I was a chubby baby, had a crop of beautiful white blond hair, cried incessantly for attention and certainly made life difficult for my mother and father at times.


My mother had spend much of her days, in dedication to feeding, caring, nursing and educating her three children, her cathartic care and loving radiance made her the perfect mother for a child like me. I can only describe my earliest moments and memories with precision, but I will tell you that I first felt complacency in life, that was the first thing I felt. My complacency was a state of joyous exploration for life. I spent two thirds of my time day dreaming and playing with my toys. 

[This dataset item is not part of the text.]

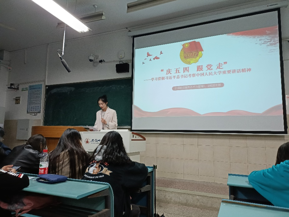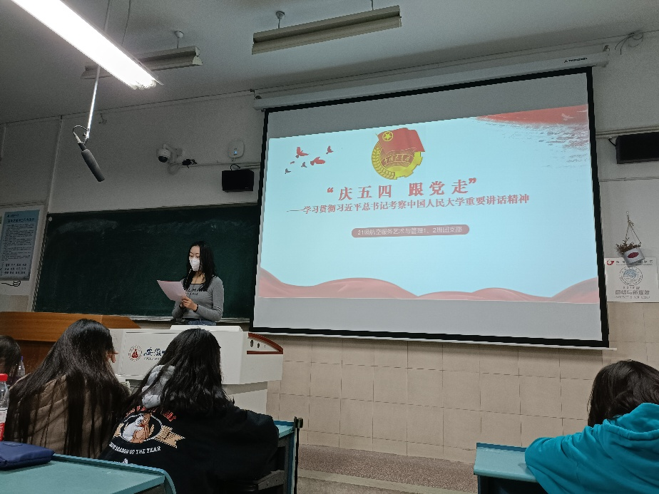 本网讯(21航服1、2班团支部)为庆祝中国共青团成立100周年,团结引领广大青年团员坚定跟党走、建功新时代,在五四青年节即将到来之际,2021级航空服务艺术与管理专业2班团支部于4月28日在2050504进行“庆五四 跟党走”主题团日活动。
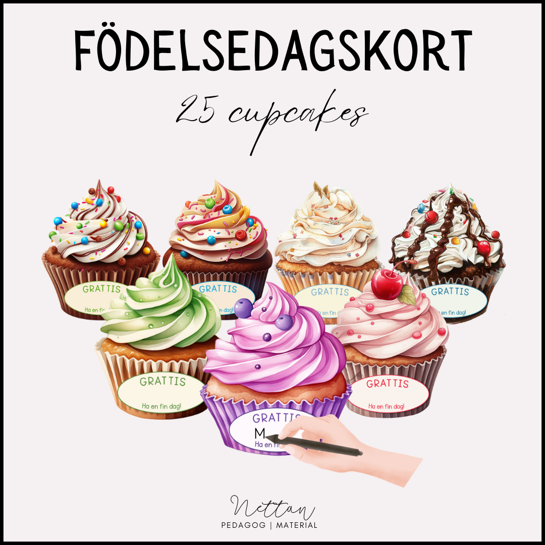 Materialet består av 25 olika cupcakes. Klipp ut och skriv barnens namn och ålder eller födelsedatum. Laminera, klipp ut och sätt upp på avdelningen eller i klassrummet. Skriv ut två sidor på ett ark om du vill ha mindre cupcakes.

I remember my first day of school strangely enough. I remember that I had to be coaxed in through the door and that my father had to take hold of me in front of the teacher so to encourage me to face the unusual sight of others playing in a messy room scattered with play doh, Lego blocks, crayons and story books. I only now do I fully realise that I had a very minute awareness of what was going on, who I was and who these other creatures were indeed. I found the atmosphere to be tough at first but I think I adjusted despite my poor social skills that had been picked up on by several of the children. 

My energy was unmatched, my frequent forays into the imaginative world of childhood made me look like a scatterbrain and some of the teachers were receptive to my poor grades and my lagging ability to comprehend the school curriculum.